__Record extracts__.

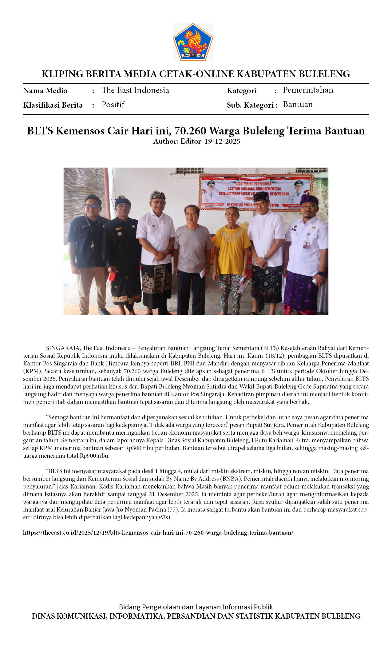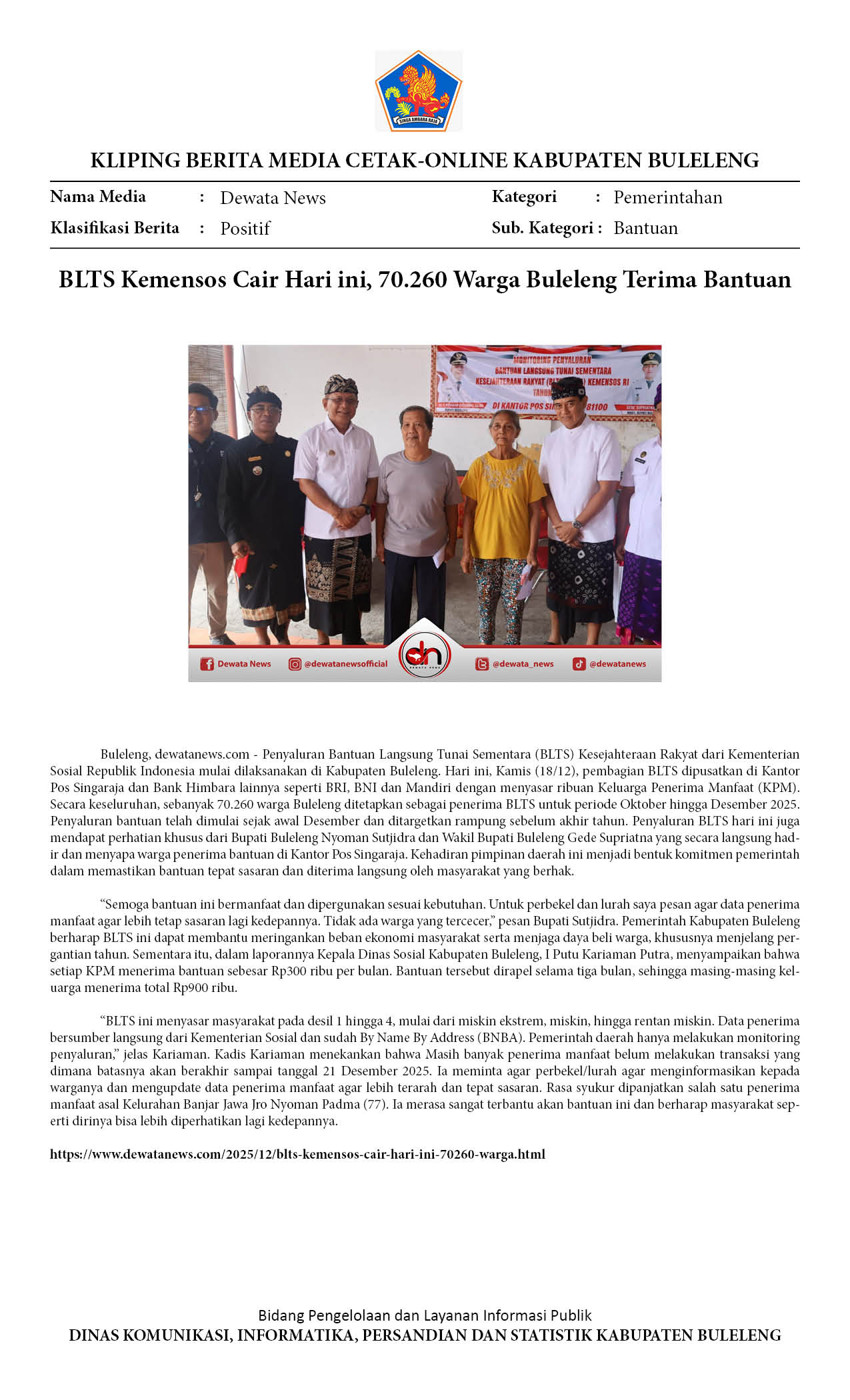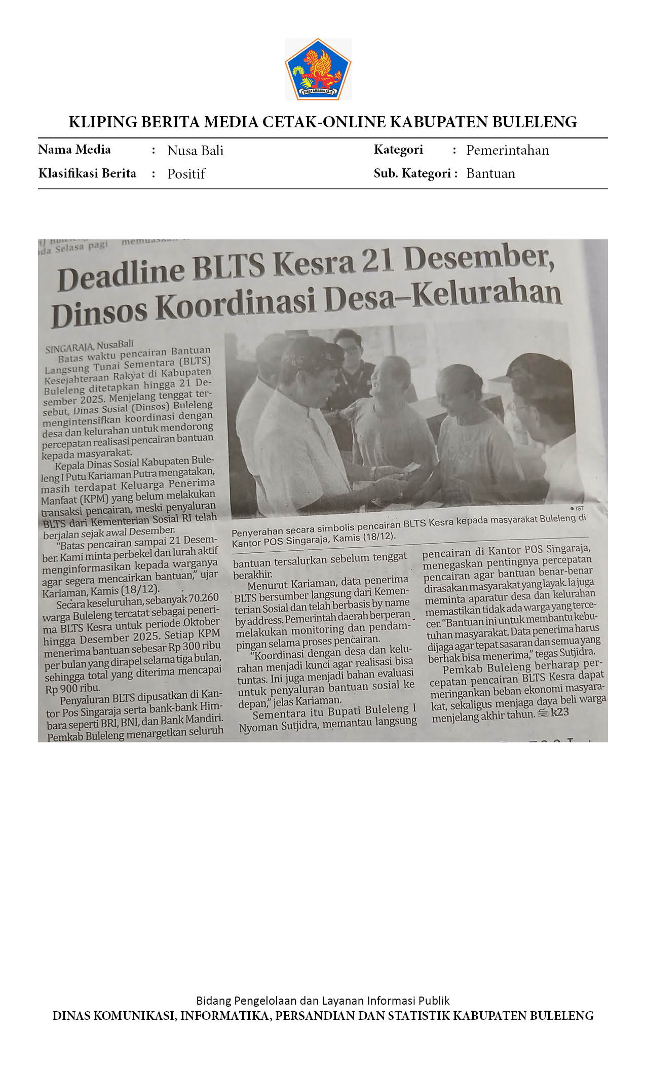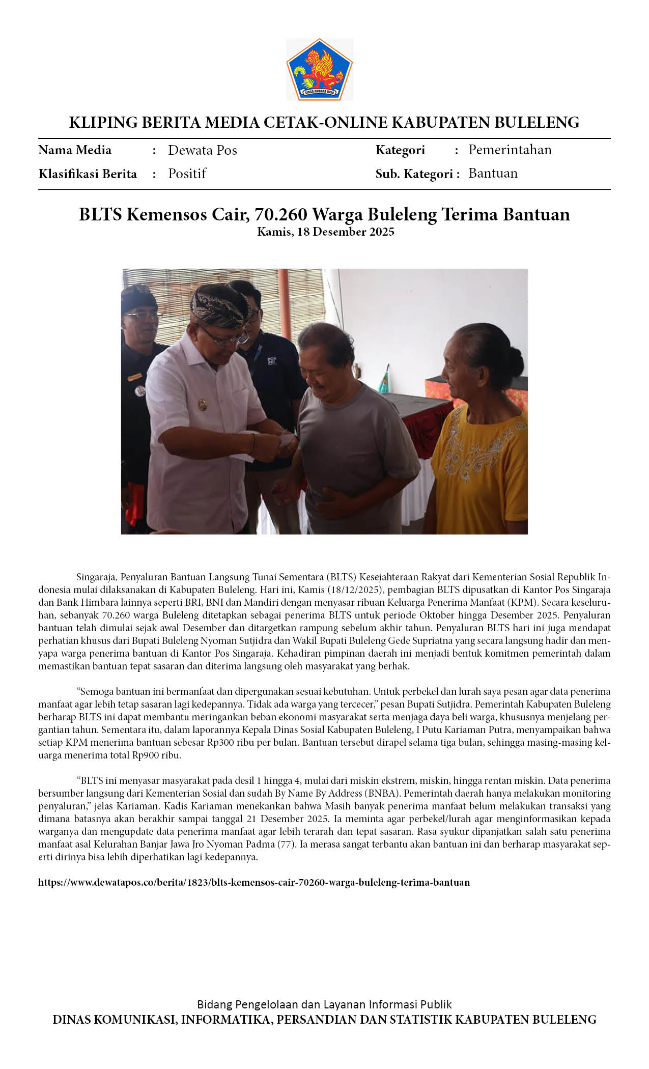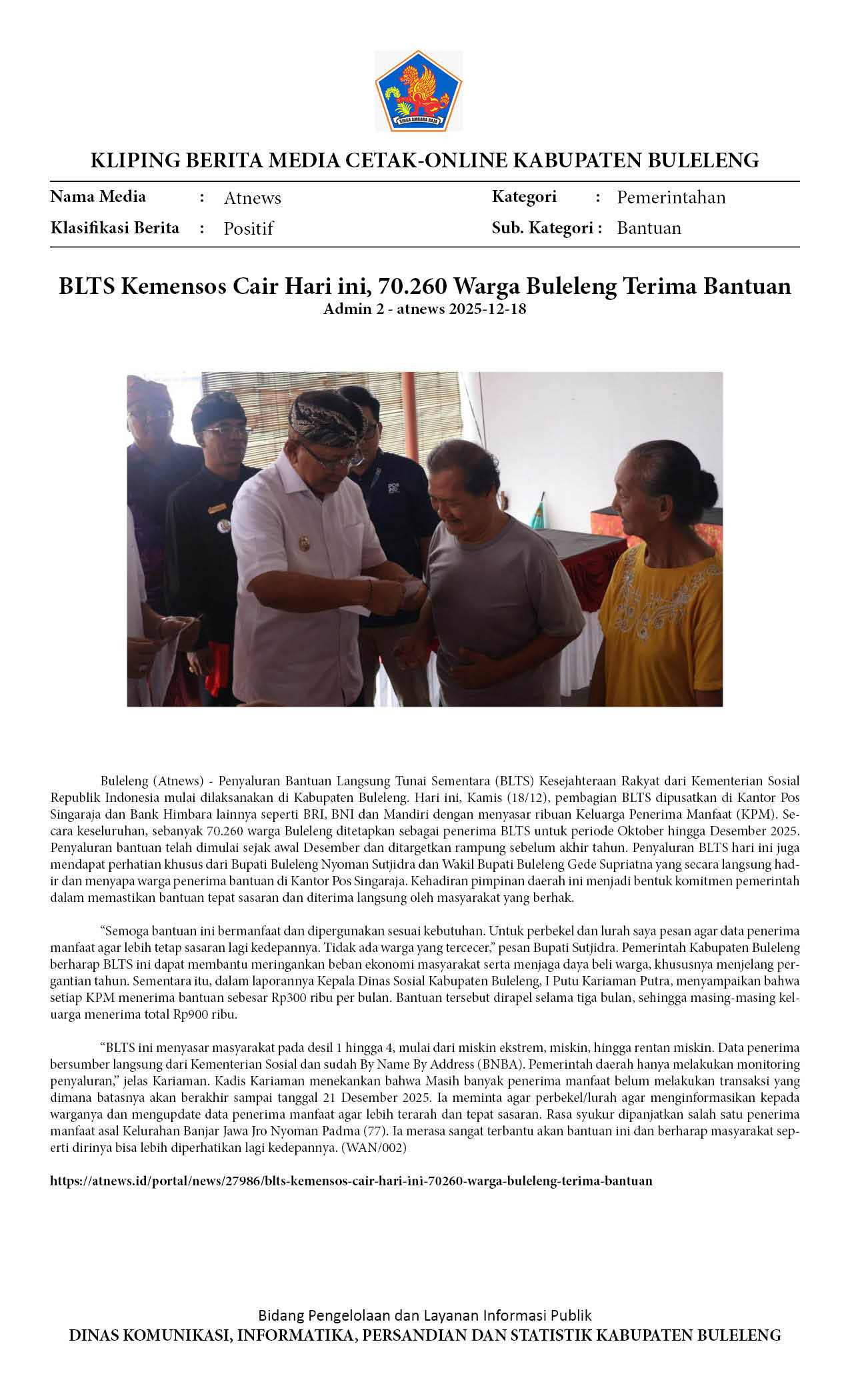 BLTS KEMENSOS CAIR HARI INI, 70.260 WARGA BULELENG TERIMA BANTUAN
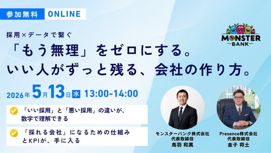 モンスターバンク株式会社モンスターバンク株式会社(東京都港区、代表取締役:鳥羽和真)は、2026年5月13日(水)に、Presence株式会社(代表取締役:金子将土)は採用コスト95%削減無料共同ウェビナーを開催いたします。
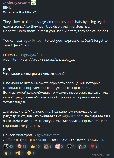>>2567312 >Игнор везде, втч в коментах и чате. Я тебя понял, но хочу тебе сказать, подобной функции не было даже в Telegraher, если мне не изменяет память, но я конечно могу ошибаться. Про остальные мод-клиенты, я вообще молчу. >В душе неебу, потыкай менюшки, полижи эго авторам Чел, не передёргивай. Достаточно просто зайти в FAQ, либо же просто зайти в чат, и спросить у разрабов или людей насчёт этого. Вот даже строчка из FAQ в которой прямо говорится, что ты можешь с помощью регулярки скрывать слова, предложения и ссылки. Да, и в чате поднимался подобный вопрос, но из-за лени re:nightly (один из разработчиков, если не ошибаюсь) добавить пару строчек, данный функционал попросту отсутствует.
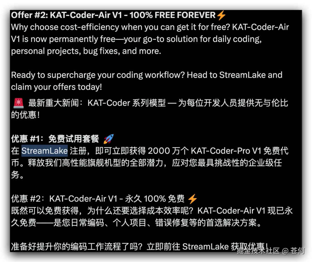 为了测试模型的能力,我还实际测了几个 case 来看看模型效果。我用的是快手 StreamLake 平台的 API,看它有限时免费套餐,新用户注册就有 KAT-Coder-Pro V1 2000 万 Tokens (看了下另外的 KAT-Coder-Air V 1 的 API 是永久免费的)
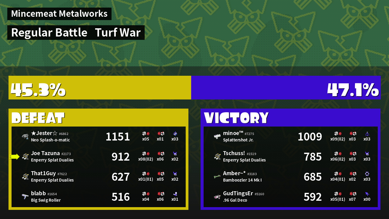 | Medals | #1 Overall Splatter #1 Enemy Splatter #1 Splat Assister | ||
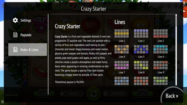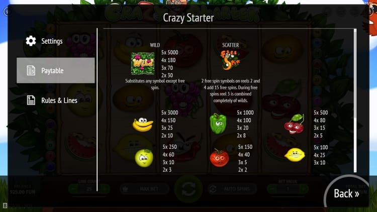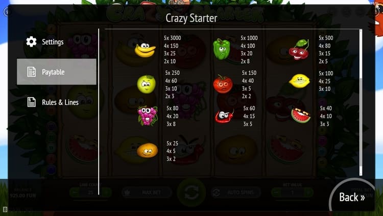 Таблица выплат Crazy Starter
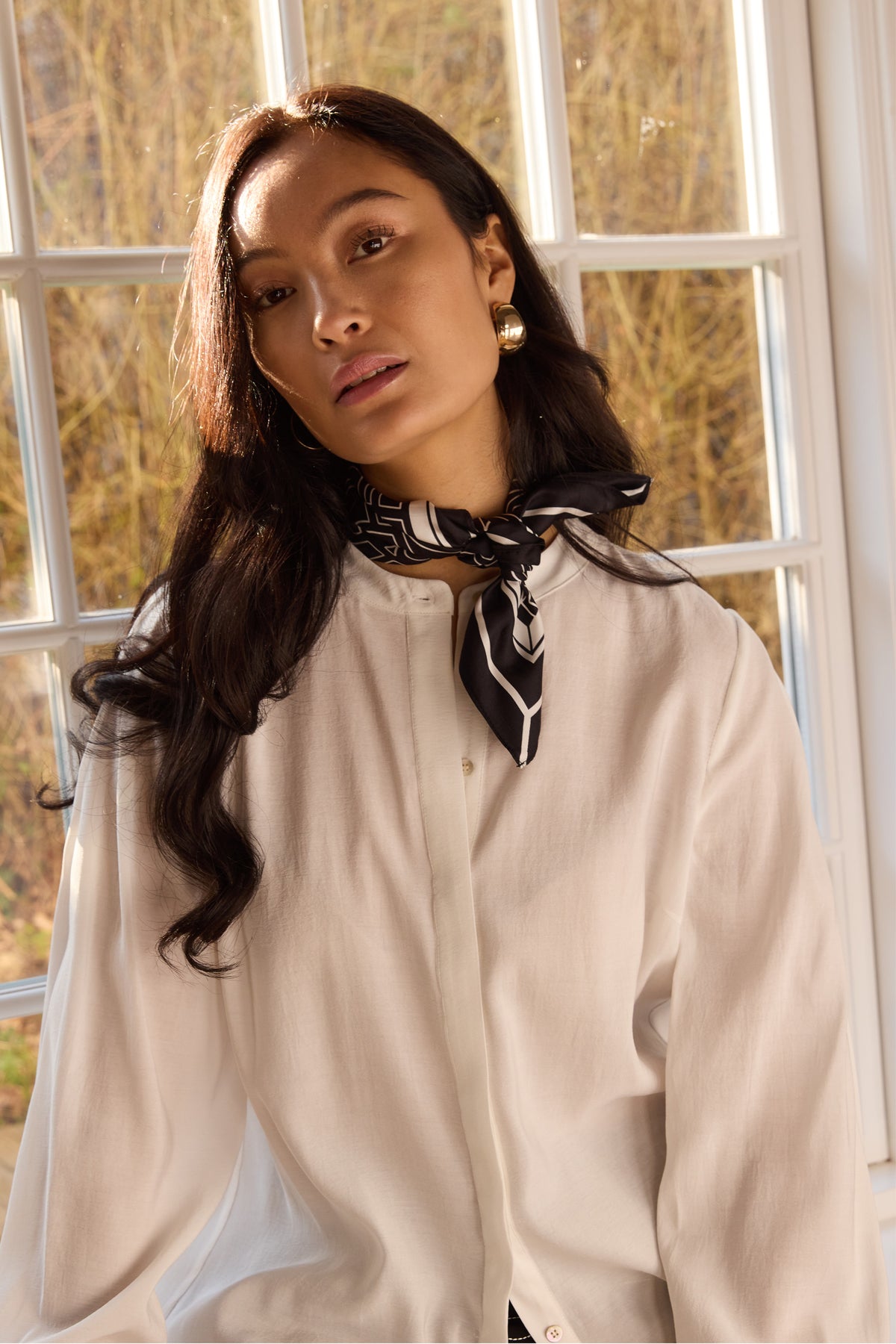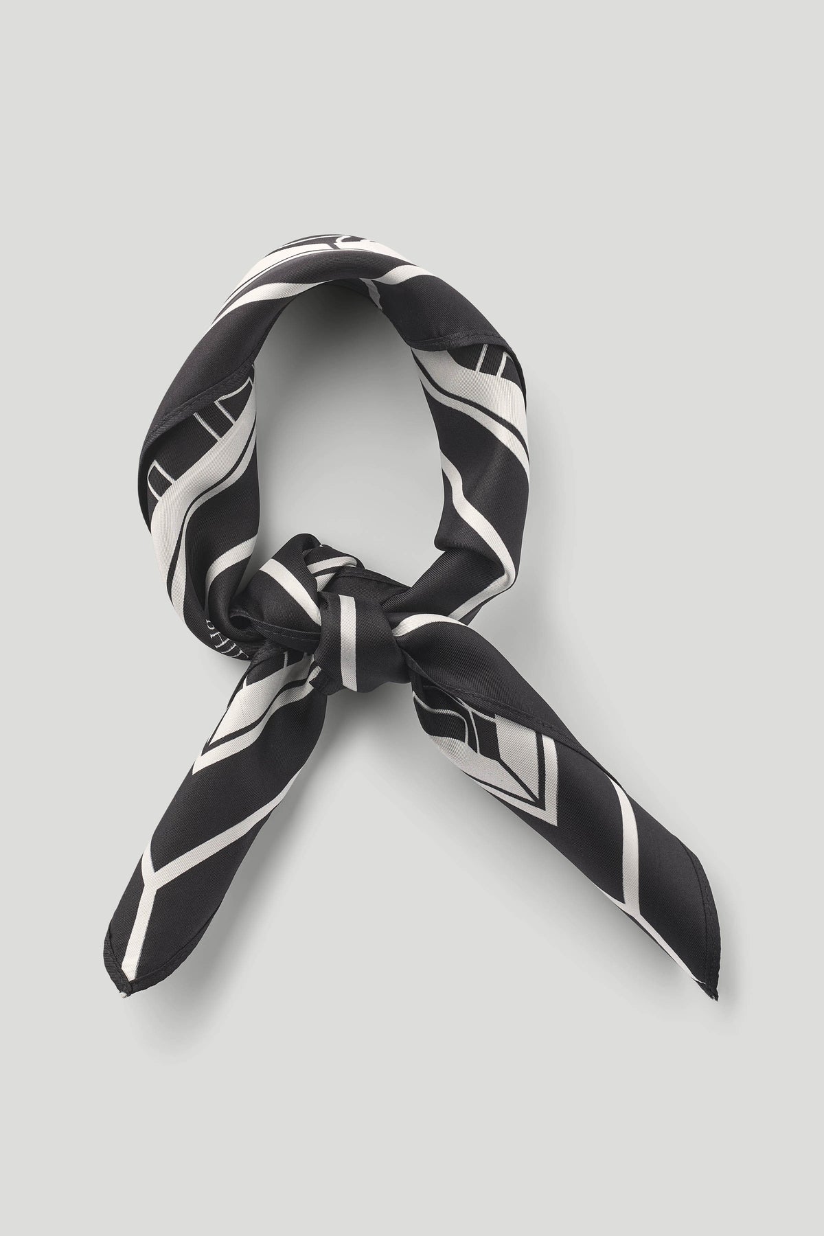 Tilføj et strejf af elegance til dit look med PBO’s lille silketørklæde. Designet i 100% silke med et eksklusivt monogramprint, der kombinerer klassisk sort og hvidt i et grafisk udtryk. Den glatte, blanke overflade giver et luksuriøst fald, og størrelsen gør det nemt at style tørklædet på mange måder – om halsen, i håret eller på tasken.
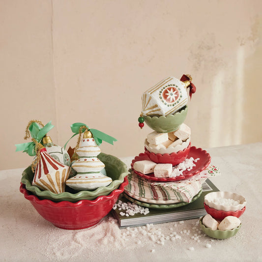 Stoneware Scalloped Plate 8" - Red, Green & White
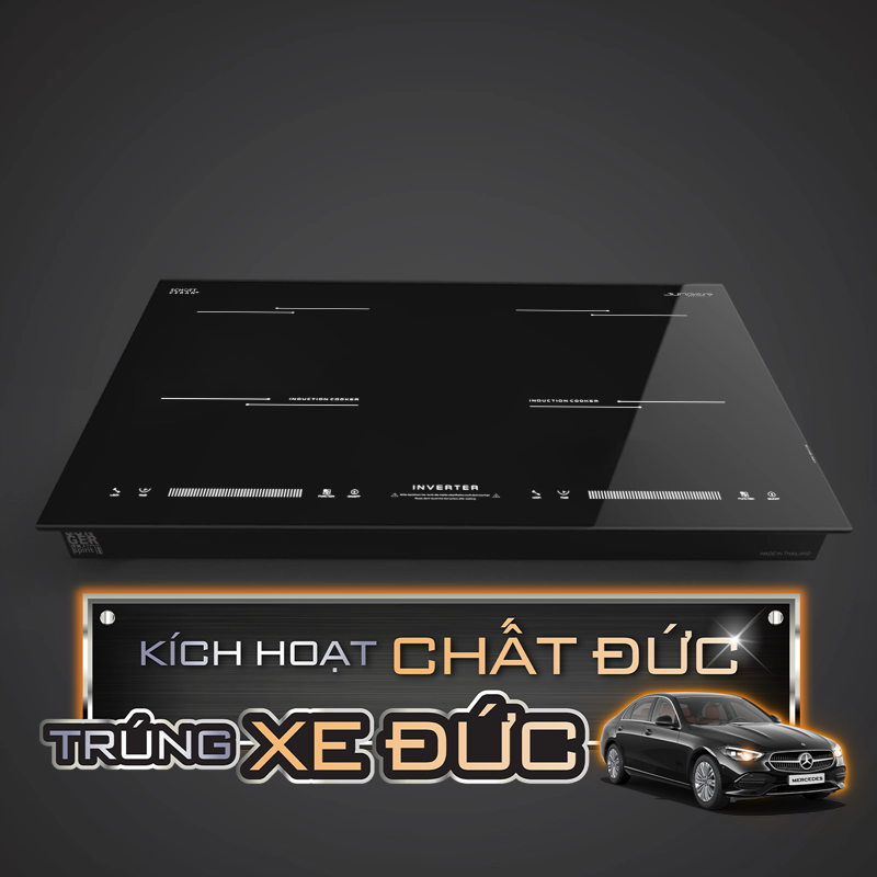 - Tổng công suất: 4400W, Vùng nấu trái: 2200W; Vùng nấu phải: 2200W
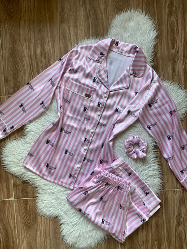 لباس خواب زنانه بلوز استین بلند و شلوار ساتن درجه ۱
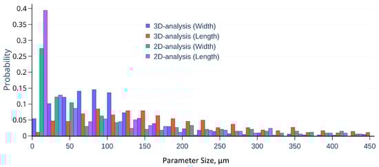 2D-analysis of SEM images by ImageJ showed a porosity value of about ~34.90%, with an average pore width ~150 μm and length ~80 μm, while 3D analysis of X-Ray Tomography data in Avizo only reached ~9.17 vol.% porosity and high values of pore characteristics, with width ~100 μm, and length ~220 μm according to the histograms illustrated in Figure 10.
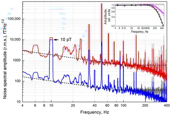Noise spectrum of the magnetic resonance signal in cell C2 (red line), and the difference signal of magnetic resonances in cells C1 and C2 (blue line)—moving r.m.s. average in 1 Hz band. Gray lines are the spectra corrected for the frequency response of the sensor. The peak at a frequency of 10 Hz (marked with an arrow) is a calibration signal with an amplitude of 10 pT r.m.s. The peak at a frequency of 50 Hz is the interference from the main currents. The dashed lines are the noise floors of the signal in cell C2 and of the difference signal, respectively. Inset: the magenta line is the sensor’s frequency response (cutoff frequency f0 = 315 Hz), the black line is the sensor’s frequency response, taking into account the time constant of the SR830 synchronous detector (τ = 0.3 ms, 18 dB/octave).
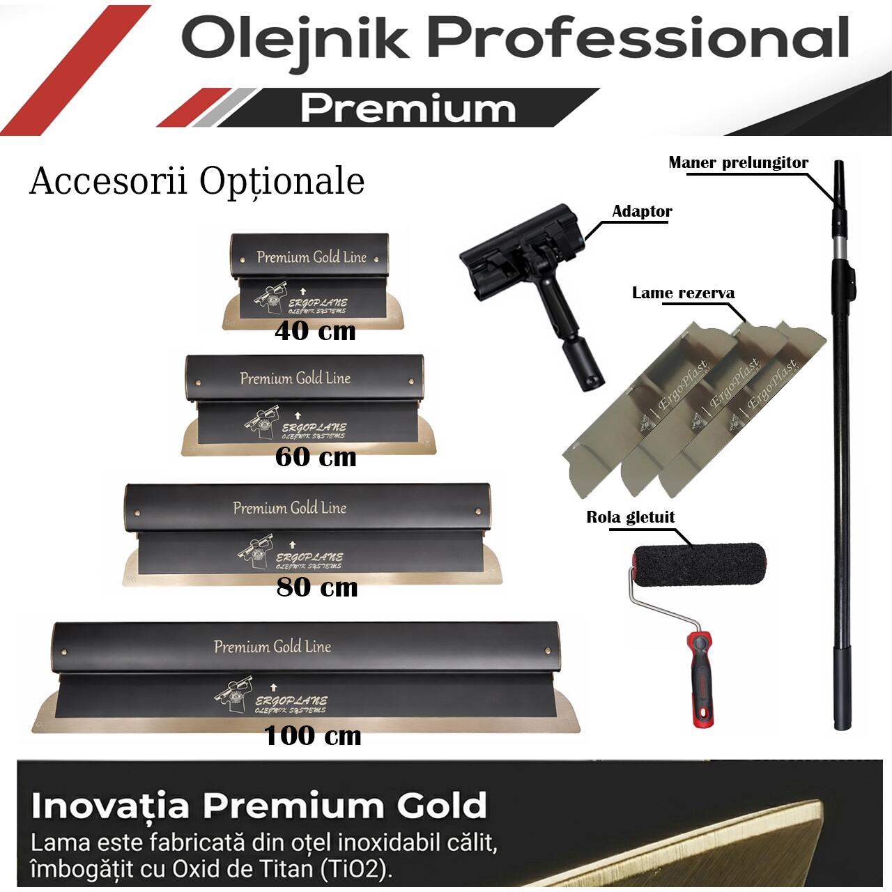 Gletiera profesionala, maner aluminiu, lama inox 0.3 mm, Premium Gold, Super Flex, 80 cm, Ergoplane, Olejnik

__Directions for this task__. Output each line above exactly. Skip the images.

__Reply to the task__.
 BLTS KEMENSOS CAIR HARI INI, 70.260 WARGA BULELENG TERIMA BANTUAN
 モンスターバンク株式会社モンスターバンク株式会社(東京都港区、代表取締役:鳥羽和真)は、2026年5月13日(水)に、Presence株式会社(代表取締役:金子将土)は採用コスト95%削減無料共同ウェビナーを開催いたします。
>>2567312 >Игнор везде, втч в коментах и чате. Я тебя понял, но хочу тебе сказать, подобной функции не было даже в Telegraher, если мне не изменяет память, но я конечно могу ошибаться. Про остальные мод-клиенты, я вообще молчу. >В душе неебу, потыкай менюшки, полижи эго авторам Чел, не передёргивай. Достаточно просто зайти в FAQ, либо же просто зайти в чат, и спросить у разрабов или людей насчёт этого. Вот даже строчка из FAQ в которой прямо говорится, что ты можешь с помощью регулярки скрывать слова, предложения и ссылки. Да, и в чате поднимался подобный вопрос, но из-за лени re:nightly (один из разработчиков, если не ошибаюсь) добавить пару строчек, данный функционал попросту отсутствует.
 为了测试模型的能力,我还实际测了几个 case 来看看模型效果。我用的是快手 StreamLake 平台的 API,看它有限时免费套餐,新用户注册就有 KAT-Coder-Pro V1 2000 万 Tokens (看了下另外的 KAT-Coder-Air V 1 的 API 是永久免费的)
 | Medals | #1 Overall Splatter #1 Enemy Splatter #1 Splat Assister | ||
 Таблица выплат Crazy Starter
 Tilføj et strejf af elegance til dit look med PBO’s lille silketørklæde. Designet i 100% silke med et eksklusivt monogramprint, der kombinerer klassisk sort og hvidt i et grafisk udtryk. Den glatte, blanke overflade giver et luksuriøst fald, og størrelsen gør det nemt at style tørklædet på mange måder – om halsen, i håret eller på tasken.
 Stoneware Scalloped Plate 8" - Red, Green & White
 - Tổng công suất: 4400W, Vùng nấu trái: 2200W; Vùng nấu phải: 2200W
 لباس خواب زنانه بلوز استین بلند و شلوار ساتن درجه ۱
 2D-analysis of SEM images by ImageJ showed a porosity value of about ~34.90%, with an average pore width ~150 μm and length ~80 μm, while 3D analysis of X-Ray Tomography data in Avizo only reached ~9.17 vol.% porosity and high values of pore characteristics, with width ~100 μm, and length ~220 μm according to the histograms illustrated in Figure 10.
Noise spectrum of the magnetic resonance signal in cell C2 (red line), and the difference signal of magnetic resonances in cells C1 and C2 (blue line)—moving r.m.s. average in 1 Hz band. Gray lines are the spectra corrected for the frequency response of the sensor. The peak at a frequency of 10 Hz (marked with an arrow) is a calibration signal with an amplitude of 10 pT r.m.s. The peak at a frequency of 50 Hz is the interference from the main currents. The dashed lines are the noise floors of the signal in cell C2 and of the difference signal, respectively. Inset: the magenta line is the sensor’s frequency response (cutoff frequency f0 = 315 Hz), the black line is the sensor’s frequency response, taking into account the time constant of the SR830 synchronous detector (τ = 0.3 ms, 18 dB/octave).
 Gletiera profesionala, maner aluminiu, lama inox 0.3 mm, Premium Gold, Super Flex, 80 cm, Ergoplane, Olejnik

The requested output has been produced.